Eu estava no primeiro ano da faculdade e encontrei o livro por acaso. As bibliotecas ainda eram todas separadas, e a nossa ficava num espaço escuro, abarrotado. Encontrei o livro num dos carrinhos de devolução, achei o título interessante e parei para olhar. Li a orelha, uns trechinhos da arguição da Marilena Chauí e decidi levar.

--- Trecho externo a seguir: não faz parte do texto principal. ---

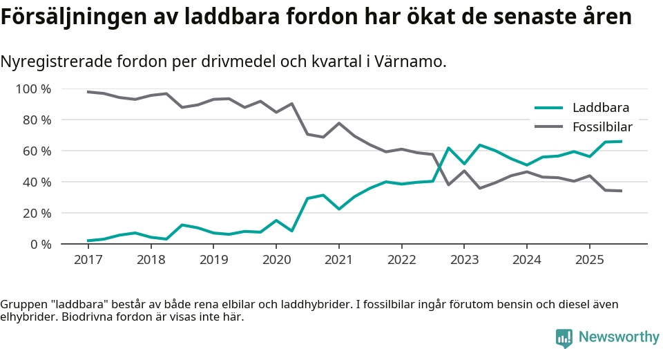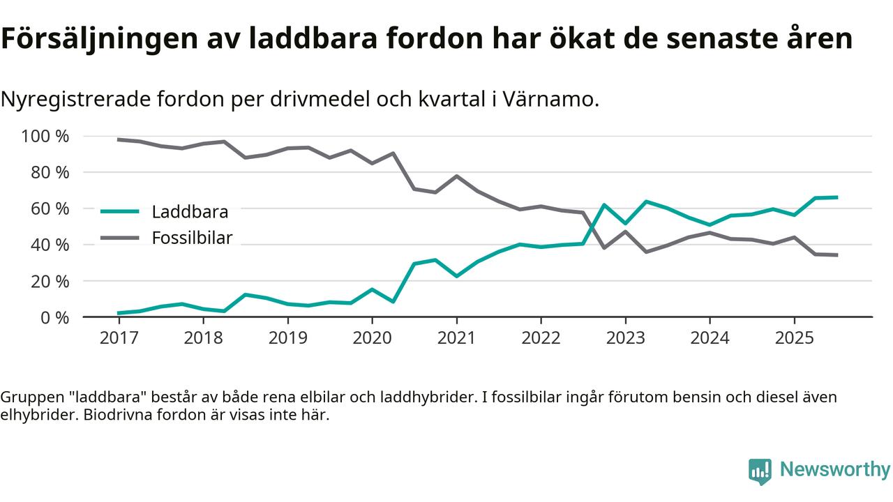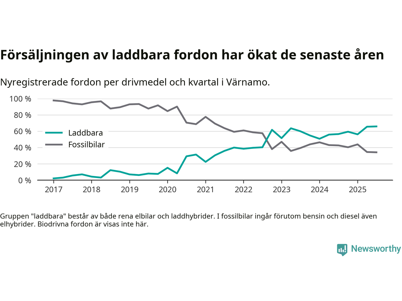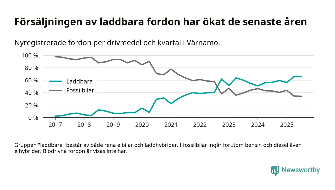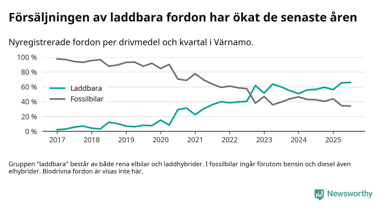 Under tredje kvartalet 2025 var 66 procent av alla nyregistrerade personbilar i Värnamo laddbara (sammanlagt registrerades 328 nya bilar). Merparten av de laddbara bilarna var rena elbilar (36 procent av alla).

Ainda que seja um trabalho defendido na Psicologia Social, o livro mudou completamente minha maneira de entender o que é a sociologia, o que é o trabalho de pesquisa e, principalmente, o que é uma pesquisa de campo. O livro é um registro muito bonito das lembranças e memórias dos velhos que falaram com Ecléa, e as análises que ela faz são tão delicadas - não pesam no texto, dialogam com os entrevistados, deixam clara a importância tanto de uma escuta atenta quanto de "bons" informantes, dispostos a narrar parte de sua história.
E logo em seguida, saiu o livro do Carlos Heitor Cony: Quase-Memória (recentemente republicado). Eu li, reli, treli aquele livro. Li tantas vezes e sempre com a mesma grata surpresa. É um livro que fala da relação de um menino e de um homem com seu pai, e das lembranças inventadas que a gente põe no lugar da falta que sente...
Como eu tinha gostado desse livro, o Padilha (meu padrasto) me indicou o do Mário Martins: Valeu a pena. Um livro de memórias, super gostoso de ler, cujo ghost-writer foi Franklin Martins, filho de Mário.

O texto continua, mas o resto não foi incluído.